**What you will do**
Copy nothing but the lines running from the one containing "Set of black" through the end of the listing below. Drop the pictures.

Extracted records: Begin

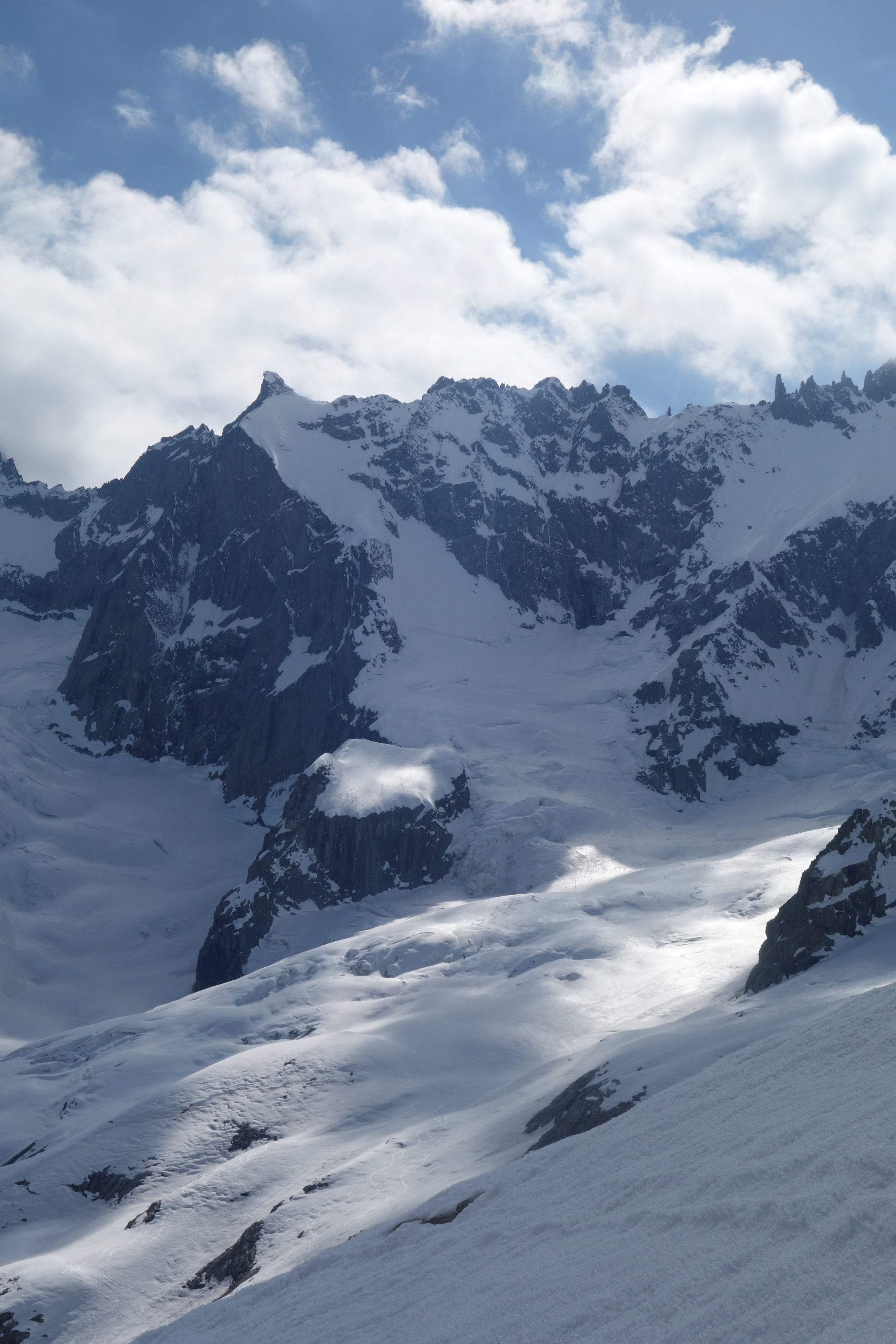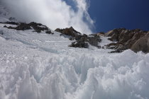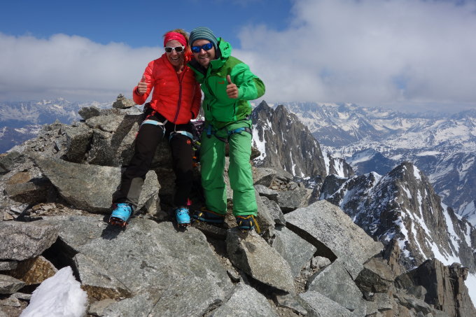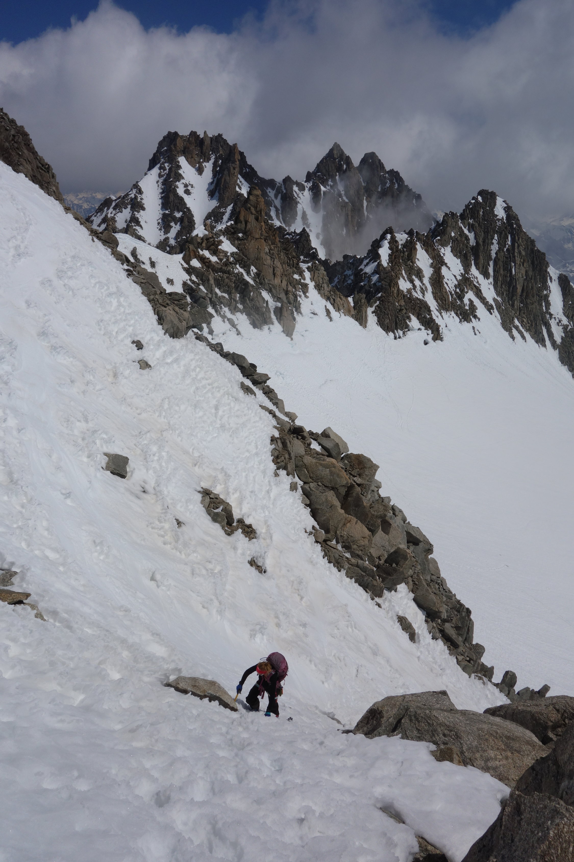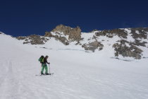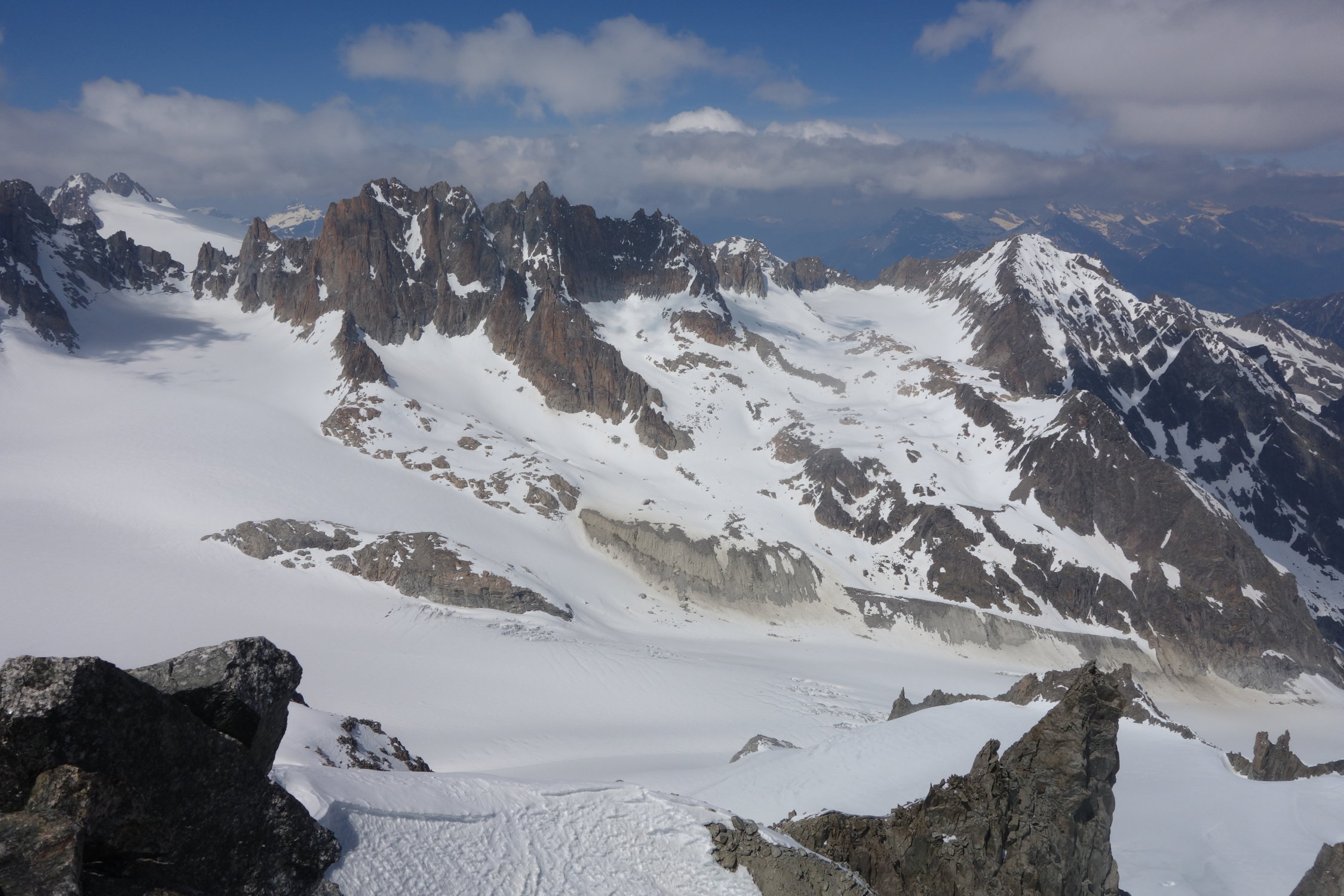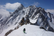 Nach dem Skidepot Bergschrund derzeit noch dick eingeschneit. Aufstieg mit Steigeisen und Pickel in tiefen Büsserschnee. Am Gipfel ca. 13:00. Herrliche Aussicht auf den mächtigen Mont Dolent, Tour Noir und den Saleinaz Gletscher mit seinen Bergen.
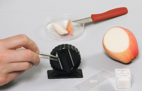 - Кожица лука, пыльца растения, водоросли элодея или звездчатого мха.
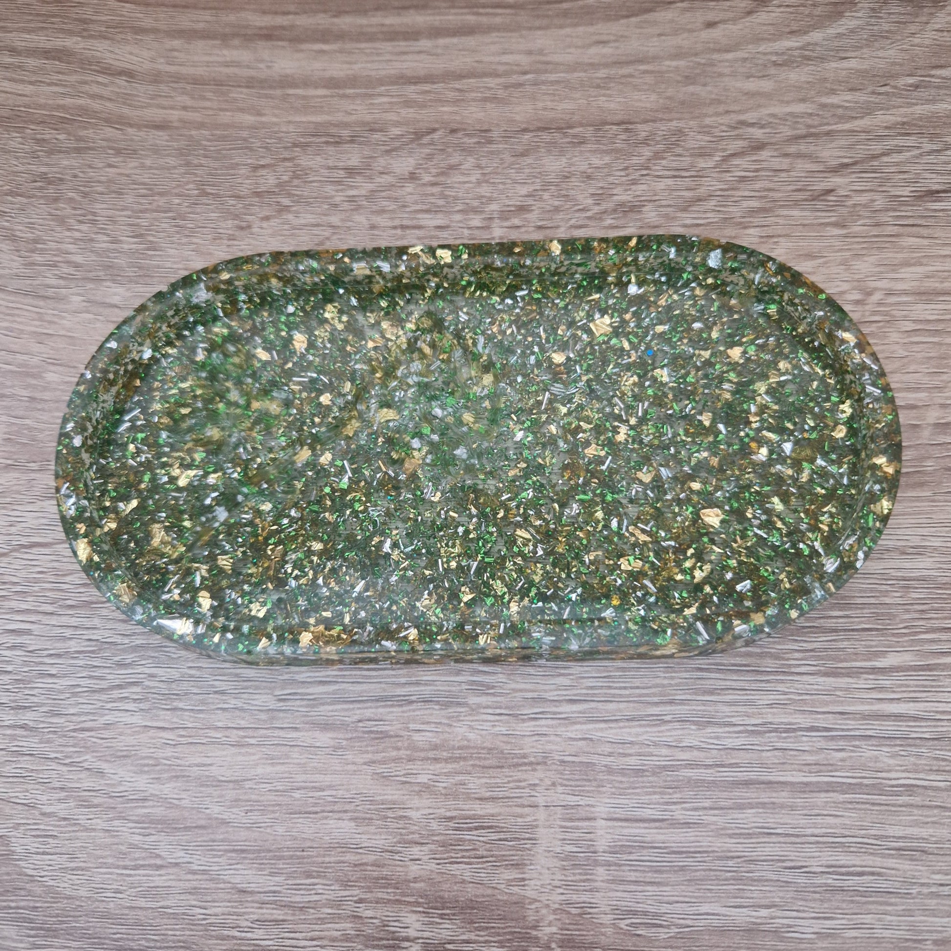 Plateau Feuille Verte Doré Argenté en Résine Epoxy
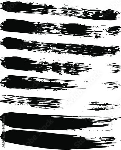 Set of black ink horizontal hand drawn brushes. Abstract isolated grunge lines, or stripes. Vector illustration.
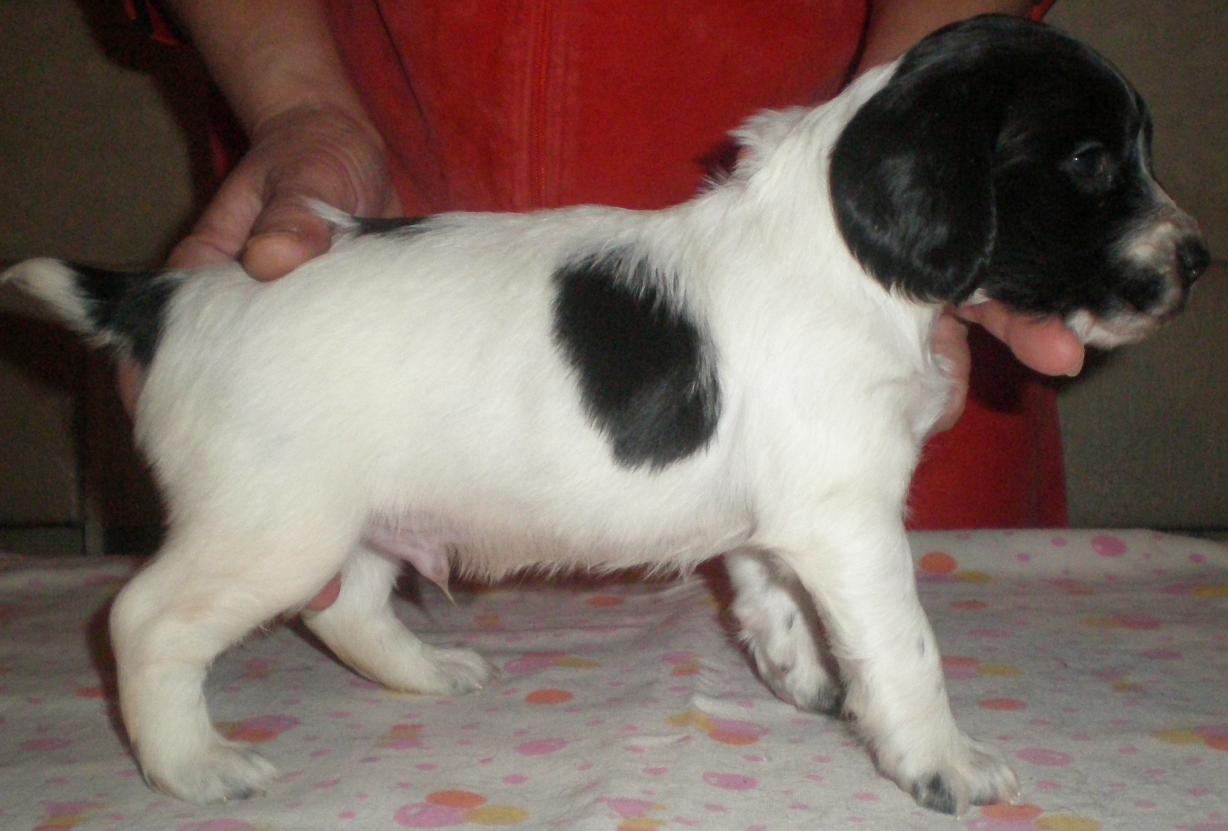 Он белый с черным и есть еще трех цветка, остальные черно-пегие. Три суки и четыре кобелька.

Extracted records: End

**Solution for this problem**
 Set of black ink horizontal hand drawn brushes. Abstract isolated grunge lines, or stripes. Vector illustration.
 Он белый с черным и есть еще трех цветка, остальные черно-пегие. Три суки и четыре кобелька.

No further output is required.